At 3, she figured her son knew enough about animals and would also be cognitively developed enough to decide what foods he wanted to eat.
“I’d say they have to kill a pig to make that piece of bacon,” says Mascioli. “Do you still want to eat that? It was important for me to get consent to everything he put into his body.”
At the same time her son turned up his nose at eating animals, his dad was a full-on meat-eater. The situation could have been fraught. Friends wondered if he’d feed his son meat on the sly.
“We’re both people who respect him as a person even though he’s a child,” Mascioli says. “He’s voicing to us in his own words he doesn’t want to eat animals. We both understand to not force him to put anything into his body that he doesn’t want in his body.”
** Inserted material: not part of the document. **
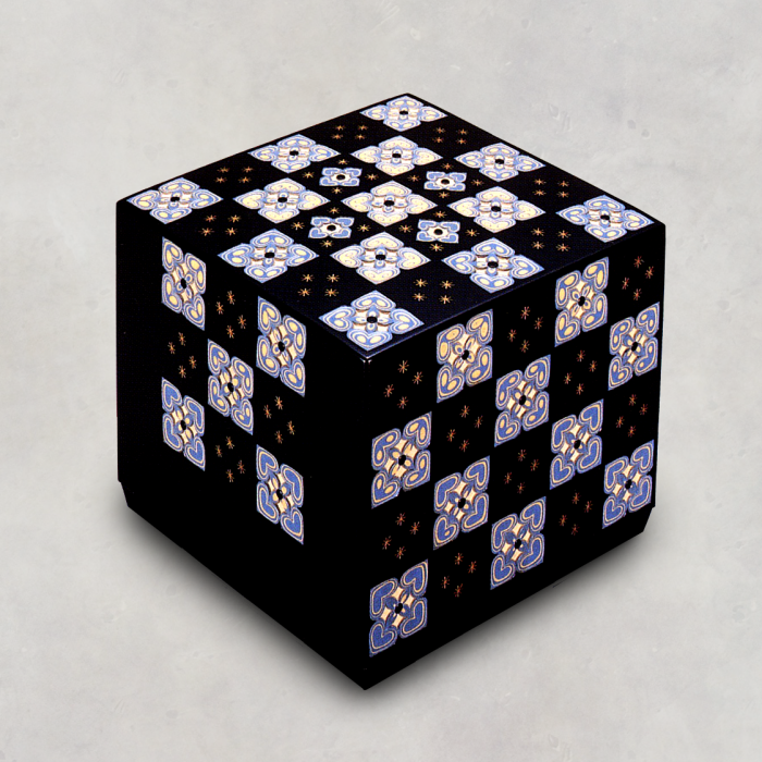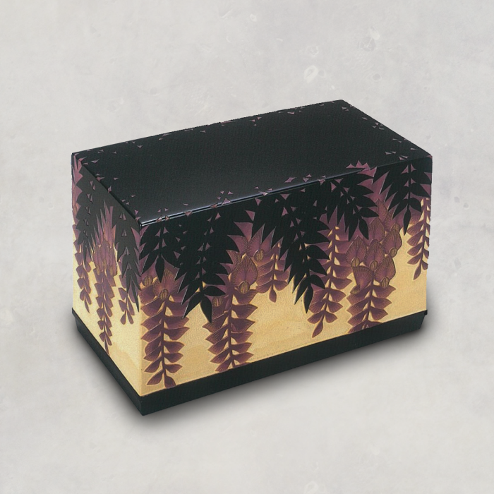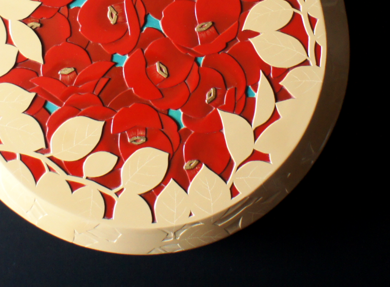After considering a completed design, colored urushi is painted over and over, carved down to the appropriate color, and polished to finish.

According to the Vegetarian Resource Group, a nonprofit dedicated to educating the public about vegetarianism, 6% of American adults with a child under 18 in their house are vegetarian, which includes vegans. The organization says the number of children 18 and younger who are vegetarian, which includes vegans, is also probably close to 6%.
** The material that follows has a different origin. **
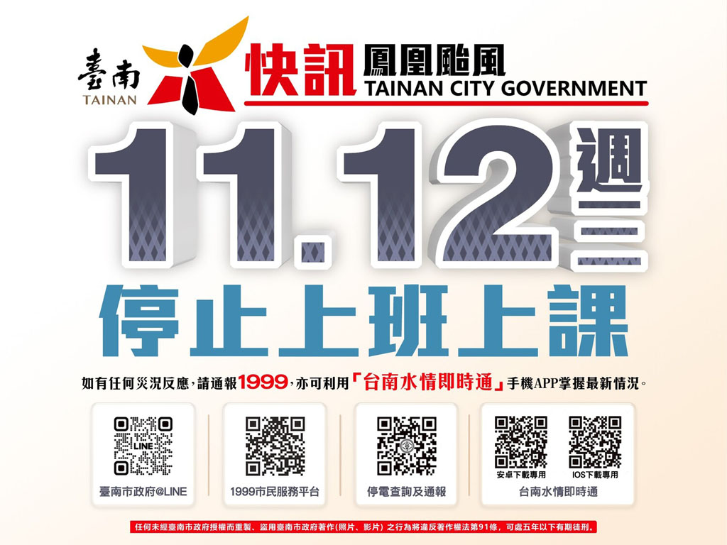 市府指出,氣象署的最新資訊顯示,十二日早晨至十二日晚上,台南市濱海地區風力預測平均風由五-六級轉六-七級,最大陣風由八-九級轉九-十級,考量風力有危及市民上班上課安全或有致災之虞,為維護民眾安全及各項整備應變作為,所以宣布全市十二日停班停課。

So what happens when a vegetarian and a meat eater join forces and bear offspring? Whose diet becomes the child’s diet?
Mascioli was already a vegetarian when she met her husband, who had no problem with her diet. Before they even had a child, they agreed to start him or her out on a meat-free diet and check in about their preference when they got old enough to make a solid decision.
“You’ve got to let a child have their own say,” says Mascioli. “I’m into supporting healthy attachment from birth. It’s being present and listening to them and taking into consideration what their thoughts and feelings are.”
The story unfolded a little differently at Lisa Unwin’s house. She was a longtime vegetarian who dabbled in veganism, but her husband and four boys ate meat. After having a fifth child and noticing the weight wasn’t dropping off like before, she began to research her diet and realized the junky vegetarian and vegan food she’d been eating, such as processed fake chicken nuggets and fries and Oreo cookies, a surprising vegan food, was doing her no favors. She cleaned up her diet and wondered why not her family’s, too?
“Why am I eating a big salad while my kids and husband are eating pizza?” says Unwin, who’s been vegan for the last five years. “They don’t need all that cholesterol and fat either.”
So she sprang the news on them: “Hey, we’re all going to be vegan.”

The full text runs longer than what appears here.